But I do speed-read code. When coding, I am bottlenecked not by my ability to
program, but by my ability to come up with ideas. And one of the best ways to
come up with ideas is to read other peoples' code.

So, as a video encoder developer, I've gotten into a habit of reading through
the entire codebase of other video encoders and decoders. I've gotten it down
to almost a science where I can sprint through an entire codebase--
understanding most of the basic structure and spotting anything "interesting"
--at a few hundred lines per minute. I went through the entire libavcodec
H.264 encoder proposal ( <http://research.edm.uhasselt.be/~h264/> ) in just 7
minutes. I went back later and spent over an hour reading it--and found I
missed absolutely nothing of note. And then I stole its strategy for level-
code VLC tables for x264.

Other codebases I've read include most of libavcodec's MPEG-related code,
dirac, schroedinger, a lot of Intel IPP stuff, libmpeg2, and some proprietary
stuff I've had access to from time to time. And probably lots of stuff I
forgot.

It is quite easy to speed-read code, of course, if you already know everything
the code is going to _do_ , and you're only interested in the implementation
or algorithm.

Another thing I do is read _changelogs_ going back years (especially svn/git
logs). They often offer even more insight than the code itself.

------
tokenadult
I read a lot of speed-reading books when I was in college. I was working my
way through, living in my own rented place, so time was of the essence. But I
eventually decided that a lot of speed-reading techniques are less useful than
they appear. The most helpful book I discovered during that research phase was
Reading for Power and Flexibility

[http://www.amazon.com/Reading-Power-Flexibility-Sparks-
Johns...](http://www.amazon.com/Reading-Power-Flexibility-Sparks-
Johnson/dp/B000K6J898/)

which was a refreshing change of emphasis from most other speed-reading books.

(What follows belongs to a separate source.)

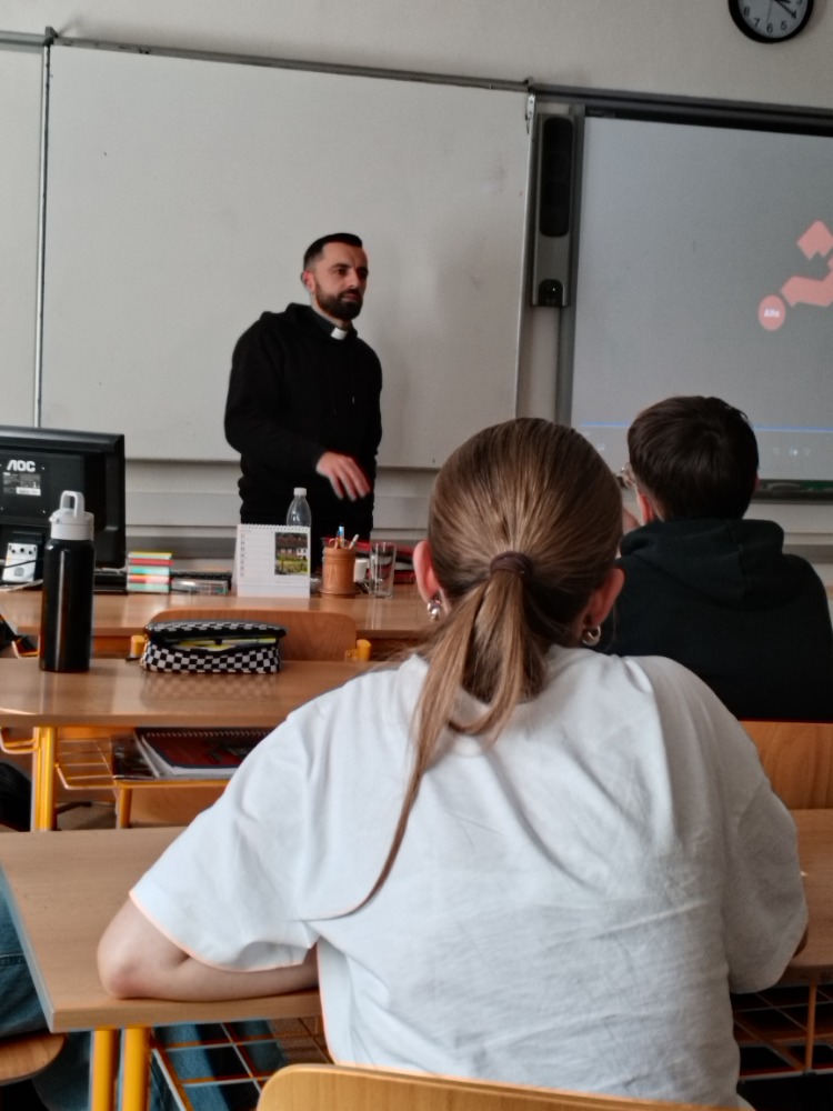 V minulých dnech jsme u nás přivítali R. D. Bc. Viktora Jakoviće, farního vikáře na farnostech Písek a Čížová. Otec Viktor nám není neznámý, většinou se s ním setkáváme o Vánocích v kostele, ale tentokrát jsme nenavštívili my jeho, ale on zavítal mezi nás. Přinesl s sebou nejčtenější knihu světa – BIBLI. Dozvěděli jsme se zase něco nového nejen o této knize, ale i o životě pátera Viktora. Páter Viktor nám vyprávěl o důležitých rozhodnutích svého života a také o své rodině. Měli jsme možnost poznat pátera Viktora zase trochu jinak.

Good techniques I learned from various sources were pre-reading (for example,
making sure to read the whole table of contents, the whole
preface/introduction/foreword, and even the whole index before starting the
book proper); focused vocabulary development targeting words with Latin and
Greek roots used in the international scientific vocabulary; and daring not to
read a whole book if reading one section of it would answer my question.

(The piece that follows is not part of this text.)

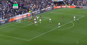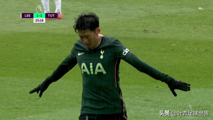 第25分钟,佩里西奇将右侧角球开到禁区,利兹联门将把球打出随后被撞倒,凯恩拿球挑过后卫右脚凌空抽射破门,热刺1-1利兹联。

Good vocabulary development books are

[http://www.amazon.com/English-Vocabulary-Elements-Keith-
Denn...](http://www.amazon.com/English-Vocabulary-Elements-Keith-
Denning/dp/0195168038/)

and

[http://www.amazon.com/English-Words-Latin-Greek-
Elements/dp/...](http://www.amazon.com/English-Words-Latin-Greek-
Elements/dp/0816508992/)

------
fuzzmeister
For books, I often use a very basic technique taught by my HS history teacher:
\- Read the first and last paragraphs of every chapter. \- Read the first and
last sentences of every paragraph.

This obviously doesn't work for novels or dense technical reading, but it is
very effective otherwise.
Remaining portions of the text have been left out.